Измерение свойств мембранного периодического скелета начального сегмента аксона с помощью 3D-структурированной микроскопии освещения (3D-SIM)
Summary
Настоящий протокол описывает способ визуализации и измерения актиновых колец и других компонентов мембранного периодического скелета исходного сегмента аксона с использованием культивируемых нейронов гиппокампа крыс и 3D-структурированной микроскопии освещения (3D-SIM).
Abstract
Начальный сегмент аксона (AIS) является местом, на котором инициируются потенциалы действия, и представляет собой транспортный фильтр и диффузионный барьер, которые способствуют поддержанию полярности нейронов путем сортировки сомато-дендритного груза. Мембранный периодический скелет (MPS), содержащий периодические актиновые кольца, обеспечивает каркас для закрепления различных белков AIS, включая структурные белки и различные ионные каналы. Хотя недавние протеомные подходы выявили значительное число новых компонентов АИС, детали структуры MPS и роли его отдельных компонентов отсутствуют. Расстояние между отдельными актиновыми кольцами в MPS (~ 190 нм) требует использования методов микроскопии сверхвысокого разрешения для разрешения структурных деталей MPS. Этот протокол описывает метод использования культивируемых нейронов гиппокампа крыс для изучения точной локализации белка AIS в MPS относительно субмембранозных актиновых колец с использованием 3D-структурированной микроскопии освещения (3D-SIM). Кроме того, описан аналитический подход к количественной оценке периодичности отдельных компонентов и их положения относительно актиновых колец.
Introduction
Начальный сегмент аксона (АИС) представляет собой короткую, уникально специализированную область проксимального аксона нейронов позвоночных1. АИС содержит транспортный фильтр и диффузионный барьер, необходимые для поддержания полярности нейронов путем сортировки сомато-дендритного груза2,3,4,5,6,7. Кроме того, уникальная структура АИС позволяет размещать кластеры ионных каналов с напряжением, которые облегчают его функцию в качестве места инициации потенциала действия8. Высокостабильный структурный комплекс лежит в основе уникальных функций АИС. Исследования в течение последнего десятилетия выявили наличие мембранного периодического скелета (MPS), содержащего актиновые кольца, соединенные спектрином и обеспечивающие каркас для закрепления различных белков AIS9,10.

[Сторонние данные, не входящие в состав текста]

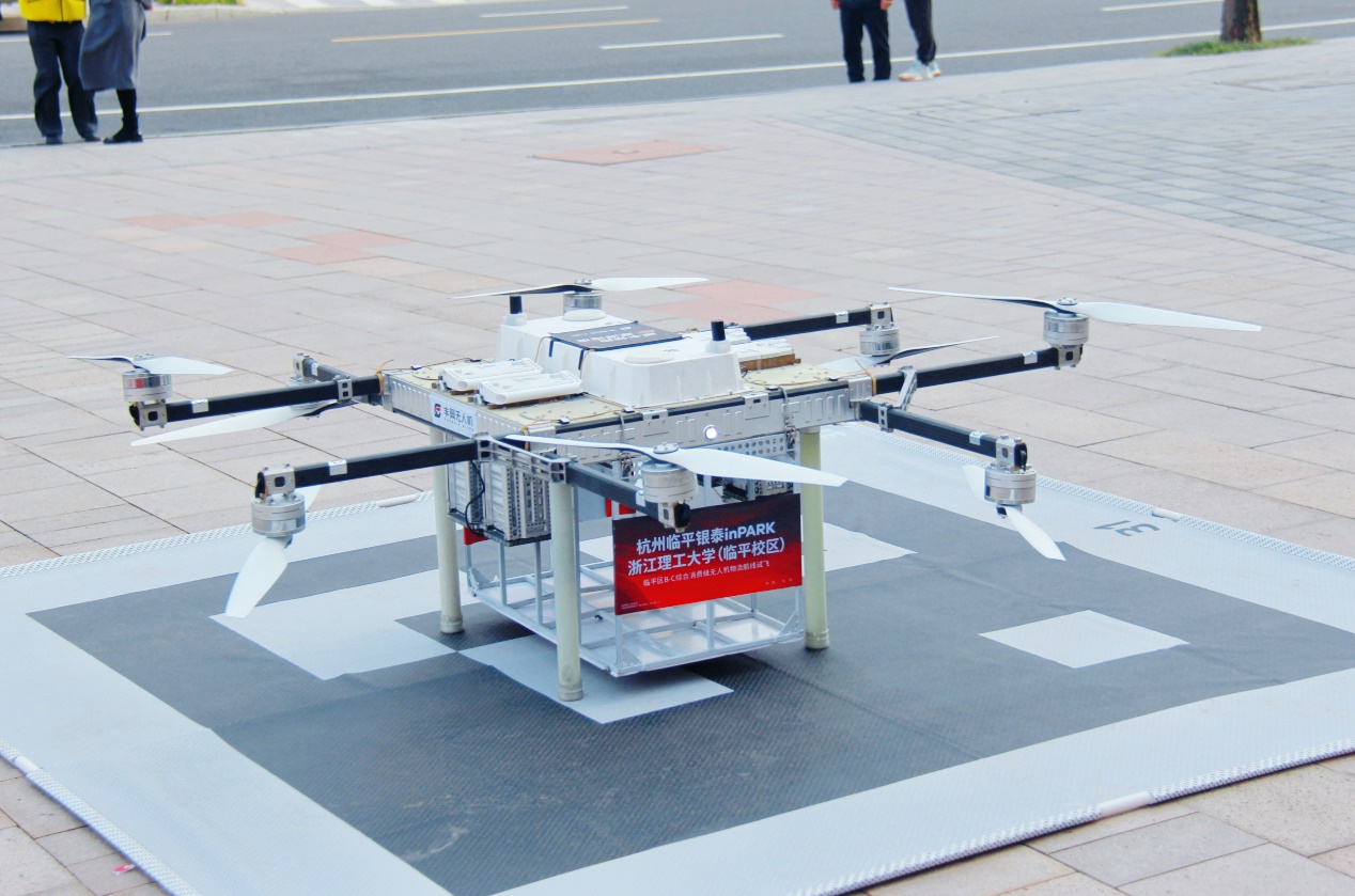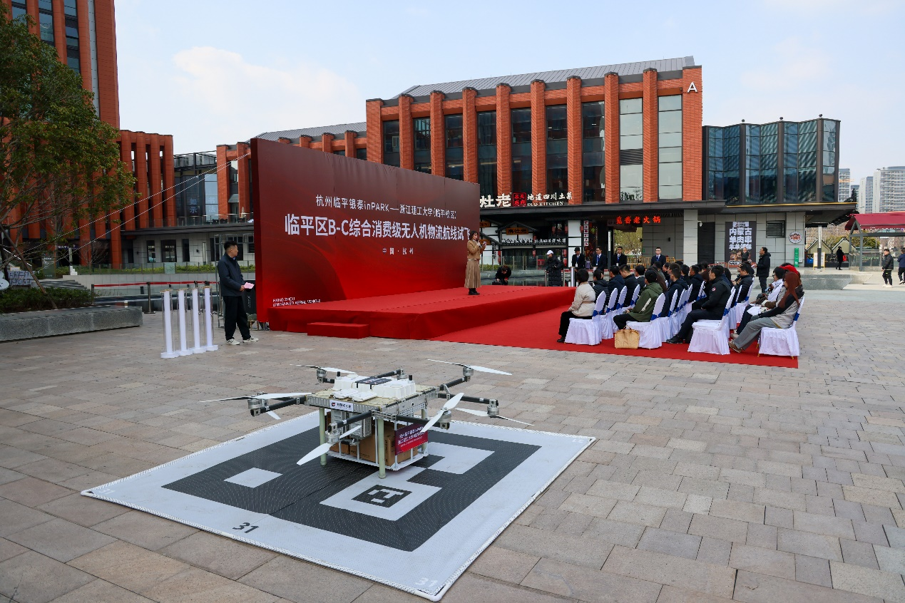 聚焦浙江理工大学临平校区8000名师生“商圈远、选择少”的难题,在杭州市低空专班、杭州低空产业发展有限公司、临平区低空专班的指导下,临平新城精准匹配校区需求与杭州临平银泰inPARK新商业体的发展诉求,正式推出外卖物流综合航线。

Расстояние между актиновыми кольцами в MPS (~190 нм)9,10 находится под пределом разрешения обычной световой микроскопии. Ранние попытки использовать электронную микроскопию для визуализации MPS не увенчались успехом, поскольку жесткие процедуры подготовки не смогли сохранить структуру MPS. Таким образом, методы микроскопии со сверхвысоким разрешением оказались бесценными в выяснении некоторых структурных деталей MPS11. Однако понимание структурного комплекса АИС, идентичности и функций его компонентов, его пространственно-временной регуляции до сих пор является неполным. Недавние протеомные исследования преуспели в создании значительного списка белков, которые локализуются в АИС вблизи структурных компонентов AIS12,13. Тем не менее, детали их функции и точное место в комплексе АИС отсутствуют. Таким образом, методы микроскопии со сверхвысоким разрешением служат важным инструментом для изучения точных положений этих белков относительно других компонентов MPS и исследования их функций. Несколько методов световой микроскопии могут достигать разрешений выше, чем дифракционный предел света, некоторые даже способны локализовать отдельные молекулы. Однако многие из этих методов обычно требуют специализированных флуорофоров или буферов визуализации, а получение изображений часто занимает много времени14.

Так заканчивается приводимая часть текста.